I had an old and very conservative Poli Sci professor who used to tell us, “Of course your nation is ruled by an elite. Every nation is! The common people only get to sneak in part of their agenda when there is contention in the elite.” Roosevelt did this by forming a coalition with the voters over the heads of the economic royalists. Obama has formed a coalition with the economic royalists over the heads of the voters. Yes, it has produced some results that are much better than the Republicans would have, but I can’t project that we “will have a great record by 2012,” from where we stand now. It’s still very much in play.
For that reason, I do very much agree that an absolutely crucial part of building ‘a great record by 2012′ is to turn our fire away from our underachieving Democrats toward the nation’s real enemies: Republican office holders who really don’t care what happens to the nation, the lumpen-fascists, and their abettors in the national media. There’s an election on. Time’s a-wastin’.
I agree with your conclusion but I think you’re guilty of ahistorical reasoning. FDR charted a center-left course, too. The difference is that, back then, the country (and the world) was being roiled by extreme left-wing agitation. Very few liberals of the time were satisfied with FDR’s domestic or economic program or teams. For just one example, let’s look at who FDR chose for his first Treasury Secretary:
Can’t you hear Jane Hamsher and David Sirota’s heads exploding as the new great hope and supposed liberal president chooses a Republican industrialist to head the Treasury Department?
History can play tricks on you. Rich people rule our world, always have, and always will. That’s not the important part of politics. That’s the given under which all political action operates.

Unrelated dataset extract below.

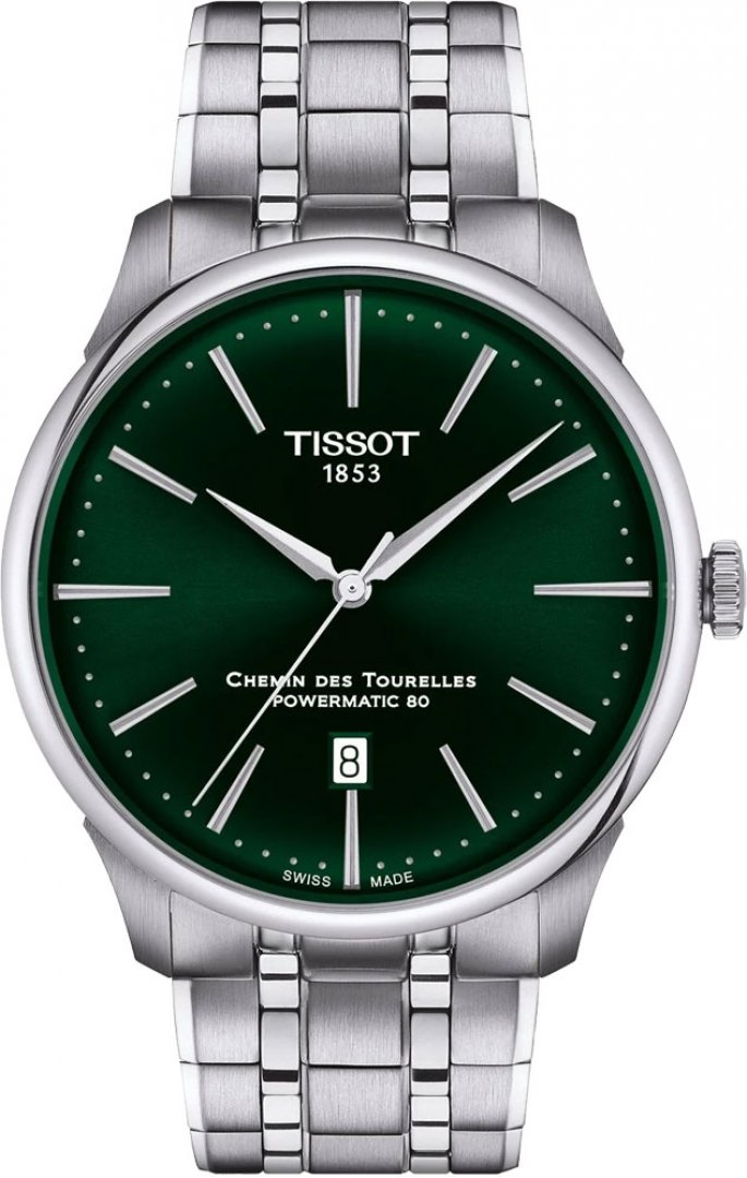 luxury watches Tissot T-Classic Chemin des Tourelles Powermatic 80, 42 mm. The watch has functions date . Basic parameters of the watch are: movement type is mechanical watch with automatic winding, strap material is steel, water resistance is 50 m and dial colour is green.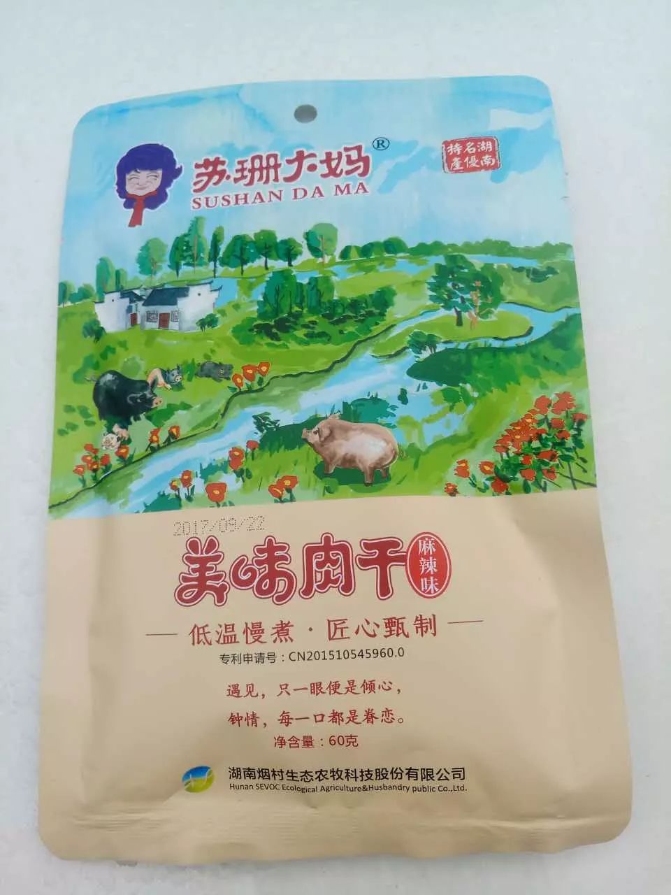 礼包一:湖南烟村生态农牧科技股份有限公司提供的价值19.8元苏珊大妈麻辣肉

Woodlin didn’t come from the stock churners who had just crashed the stock market. He came from the productive sector, which FDR was trying to revive, so everyone could get back to work. Tim Geithner came from precisely the company most responsible for crashing the market.
I have nothing against contrarian appointments – if they accomplish their purpose. FDR’s contrarians were perhaps best exemplified by appointing stock churner Joe Kennedy to head the SEC – setting the fox to guard the henhouse. The difference is that Kennedy did a great job forwarding a center-left agenda of regulation of stock trading. I don’t see any evidence that Geithner has served any useful purpose once his presence stopped the panic on Wall Street. What has he done for me lately?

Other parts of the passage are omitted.